Information on this page has been drawn from the help pages of each
search engine, along with knowledge gained from articles, reviews,
books, independent research, tips from others and additional
information received directly from the various search engines.
The term "search engine" is often used generically to describe both
crawler-based search engines and human-powered directories. These
two types of search engines gather their listings in radically
different ways.
Crawler-Based Search Engines
Crawler-based search engines, such as Google, create their listings
automatically. They "crawl" or "spider" the web, then people search
through what they have found. If you change your web pages,
crawler-based search engines eventually find these changes, and that
can affect how you are listed. Page titles, body copy and other
elements all play a role.
Human-Powered Directories
A human-powered directory, such as the Open Directory, depends
on humans for its listings. You submit a short description to the
directory for your entire site, or editors write one for sites they
review. A search looks for matches only in the descriptions
submitted. Changing your web pages has no effect on your listing.
Things that are useful for improving a listing with a search engine
have nothing to do with improving a listing in a directory. The only
exception is that a good site, with good content, might be more
likely to get reviewed for free than a poor site.
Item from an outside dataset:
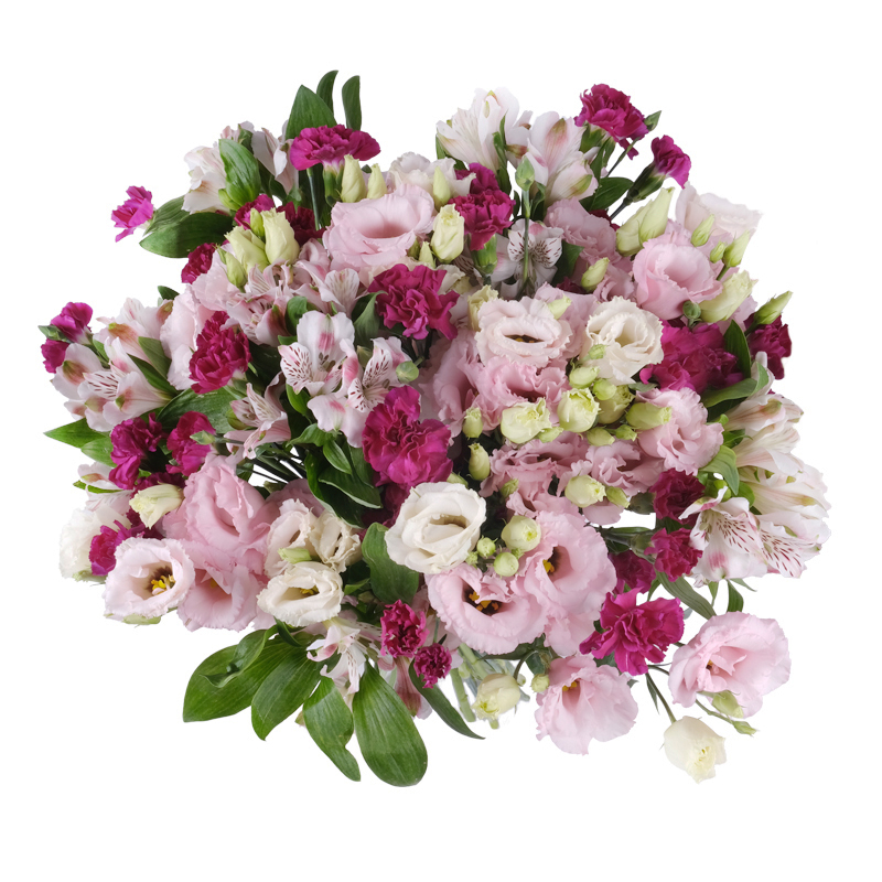 Skład bukietu Miłosny List to eustoma, alstromeria i goździk – każde z nich ma swoją rolę w tej kwiatowej historii. Bilecik, który możesz dodać, uczyni przekaz kompletnym.
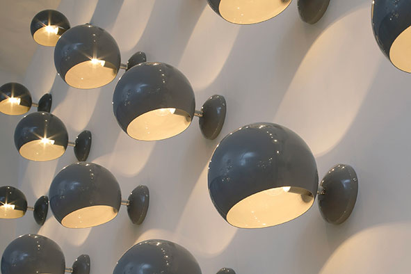 L'applique Boi illumine les designs sobres. Cette lampe est dotée de deux ouvertures et pivote pour orienter la lumière. Installez-en plusieurs pour projeter des ombres ondulées sur les murs environnants.

"Hybrid Search Engines" Or Mixed Results
In the web's early days, it used to be that a search engine
either presented crawler-based results or human-powered listings.
Today, it extremely common for both types of results to be
presented. Usually, a hybrid search engine will favor one type of
listings over another. For example, MSN Search is more likely to
present human-powered listings from LookSmart. However, it does also
present crawler-based results (as provided by Inktomi), especially
for more obscure queries.
The Parts of a Crawler-Based Search Engine
Crawler-based search engines have three major elements. First is the
spider, also called the crawler. The spider visits a web page, reads
it, and then follows links to other pages within the site. This is
what it means when someone refers to a site being "spidered" or
"crawled." The spider returns to the site on a regular basis, such
as every month or two, to look for changes.
Everything the spider finds goes into the second part of the search
engine, the index. The index, sometimes called the catalog, is like
a giant book containing a copy of every web page that the spider
finds. If a web page changes, then this book is updated with new
information.
Sometimes it can take a while for new pages or changes that the
spider finds to be added to the index. Thus, a web page may have
been "spidered" but not yet "indexed." Until it is indexed -- added
to the index -- it is not available to those searching with the
search engine.